Евгений Чебалин - Гарем ефрейтора
— Не извольте волноваться, все сделаем по первой категории, в первую очередь. Будьте любезны явиться завтра в это время…
— Дэлай сичас, — лениво, с невообразимой наглостью велел басурман и сунул руку в карман галифе.
— Позвольте, рабочий день закончился, — рискнул на вибрирующее возражение Стефанопуло. И с ужасом, от которого зашевелился седой пух на голове, увидел пистолет, направленный в собственный тощий живот. Военный встал, жутко хрустя сапогами, закрыл дверь на крючок, поворотился к Рафику Тристановичу и велел:
— Иды.
— К-куда? — слабо взрыдал завателье.
— Дэлай карточка.
Стефанопуло развернулся в три приема, трудно переставляя ноги, пошел в фотолабораторию. Там он проявил фотопластинку, затем напечатал несколько снимков, все время ощущая под лопаткой раскаленный шампур бандитского взгляда.

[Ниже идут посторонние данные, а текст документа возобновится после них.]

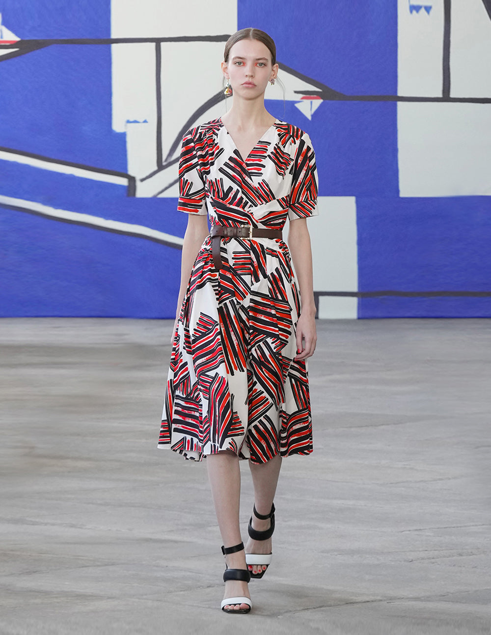 This dress is crafted from crisp and natural precision cotton, illuminated by an artistic abstract brushstroke print, with puffed sleeves and a crossover V-neck that adds a touch of Italian flair to your summer look.

Горец взял мокрые карточки, восхищенно цокнул языком, сказал:
— Маладэц. Забири свой хурда-мурда, что на три нога стоит. Паедем.
— Куда? — покрываясь испариной, спросил Стефанопуло.

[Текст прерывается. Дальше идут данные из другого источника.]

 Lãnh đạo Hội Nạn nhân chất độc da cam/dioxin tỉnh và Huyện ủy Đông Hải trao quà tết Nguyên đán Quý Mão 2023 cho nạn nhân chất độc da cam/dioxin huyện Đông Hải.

— Похоронный место, на кладбище, — скучно пояснил военный. — Фонарь бири, много свечи бири.
— 3-зачем?!
— Тибя хоронить, — сказал клиент и жутко оскалился.

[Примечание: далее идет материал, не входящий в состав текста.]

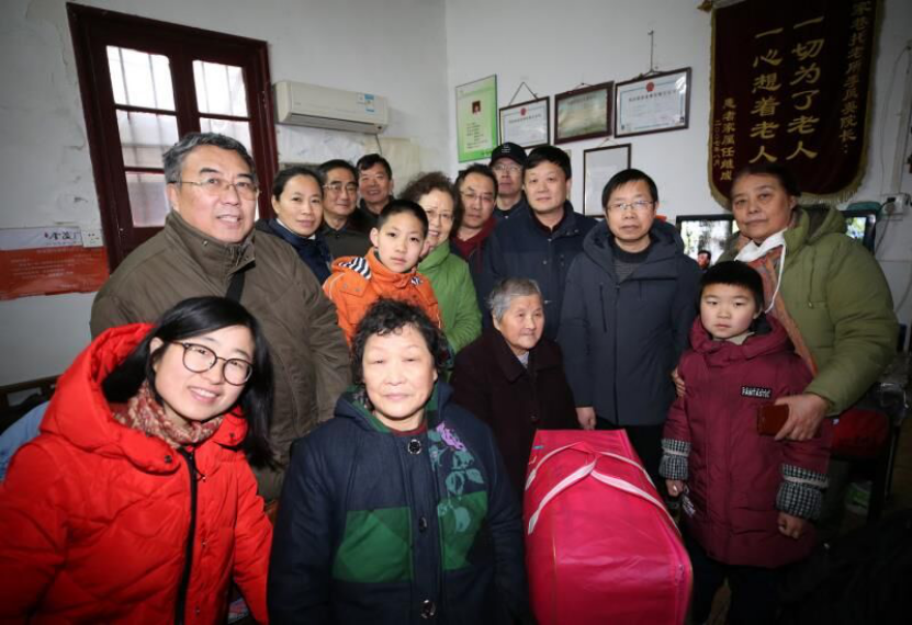 连日来,南京普降大雪。beat365民进beat365官方网站支部会员一行冒着纷飞的雪花,带着崭新的床单、棉被,面粉、水果和微波炉等慰问品,来到挹江门街道戴家巷社区托老所,给那里的孤寡老人带去新年慰问与新春祝福,受到社区的好评和点赞。

Перед самым утром Стефанопуло вернулся в город, поднялся на второй этаж, позвонил в свою квартиру. На звонок открылась дверь, охраняемая тремя замками, и блудный сын предстал на пороге бесплотным призраком. Долго и как-то дико взирал он на содом, вызванный его появлением, позволяя себя щупать, обцеловывать и мочить остатками слез, почти выплаканных за ночь женой Соней, детьми, двоюродной теткой и женой соседа — хромого аптекаря Вузовского.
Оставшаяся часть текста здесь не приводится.